Edit: I actually want 3 colums, one for each indicator and one for the country's name.
Sticking with base R, use reshape. I took the liberty of cleaning up the column names. Here, I'm only showing you a few rows of the output. Remove head to see the full output.
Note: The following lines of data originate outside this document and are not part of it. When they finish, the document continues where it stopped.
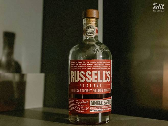 버번 위스키 중에서도 가장 대중적이고 인기 많은 이른바 버번 삼대장으로 와일드 터키, 버팔로 트레이스, 메이커스 마크가 꼽힌다. 40도 중반의 무난한 도수와 전형적인 버번의 풍미를 가진 이 세 가지 위스키를 마셔보고 좋았다면, 다음으로 추천할 만한 위스키가 바로 러셀 리저브 싱글배럴이다. 와일드터키 증류소의 최고 책임자인 마스터 디스틸러 지미 러셀, 에디 러셀 부자의 이름을 딴 위스키다.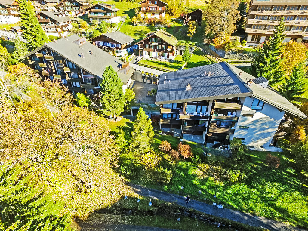 Appartementhaus "Im Gruebi". Im Ort, 300 m vom Zentrum von Wengen, zentrale, ruhige Lage. Im Hause: Sauna (extra). Waschmaschine, Wäschetrockner (zur Mitbenutzung, extra). Einkaufsservice vor Anreise möglich. Einkaufsgeschäft, Lebensmittelgeschäft, Supermarkt 300 m, Restaurant 100 m, Bäckerei 300 m, Zentrum zu Fuss in 4 Minuten erreichbar, Bahnstation "Wengen" 350 m, Freibad 600 m. Luftseilbahn, Skisportanlagen 300 m. Bitte beachten: autofreie Ferienanlage. Geeignet für Familien. Die Anreise erfolgt mit der Bergbahn. Die Anreise ist nur mit dem Zug ab Lauterbrunnen möglich – 14 Min. Fahrzeit.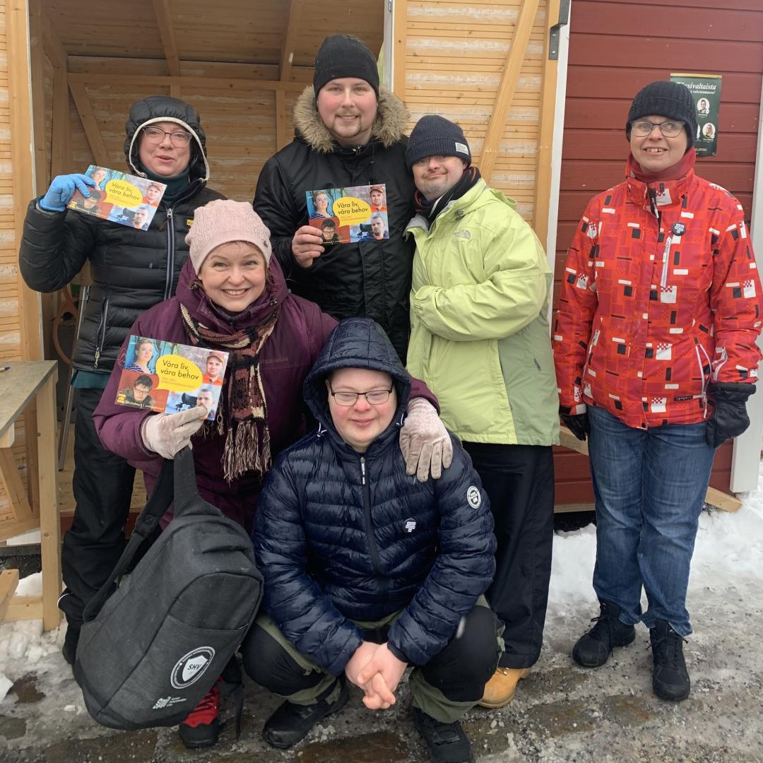 Vera Stålberg, Anne Nivukosi och Jani Ekström (Makten tillhör folket) stöder vår kampanj om att inte skära ner i funktionshinderservicen. Med på bilden är även Pia Björklund, Toni Sparv och Tom Wickström från Steg för Steg i Vasa.

This assumes your data.frame is named "mydata".
names(mydata) <- c("CountryName", "CountryCode",
"IndicatorName", "IndicatorCode", "X2010")
head(reshape(mydata[-c(2:3)],
direction = "wide",
idvar = "CountryName",
timevar = "IndicatorCode"))
# CountryName X2010.NY.GDP.DEFL.KD.ZG X2010.SL.UEM.TOTL.ZS
# 1 Turkey 5.675740 11.9
# 3 Afghanistan 9.437322 NA
# 5 Albania 3.459343 NA
# 7 Algeria 16.245617 11.4
# 9 American Samoa NA NA
# 11 Andorra NA NA
Another option in base R is xtabs, but NA gets replaced with 0:
head(xtabs(X2010 ~ CountryName + IndicatorCode, mydata))
# IndicatorCode
# CountryName NY.GDP.DEFL.KD.ZG SL.UEM.TOTL.ZS
# Afghanistan 9.437322 0.0
# Albania 3.459343 0.0
# Algeria 16.245617 11.4
# American Samoa 0.000000 0.0
# Andorra 0.000000 0.0
# Angola 22.393924 0.0
The result of xtabs is a matrix, so if you want a data.frame, wrap the output with as.data.frame.matrix.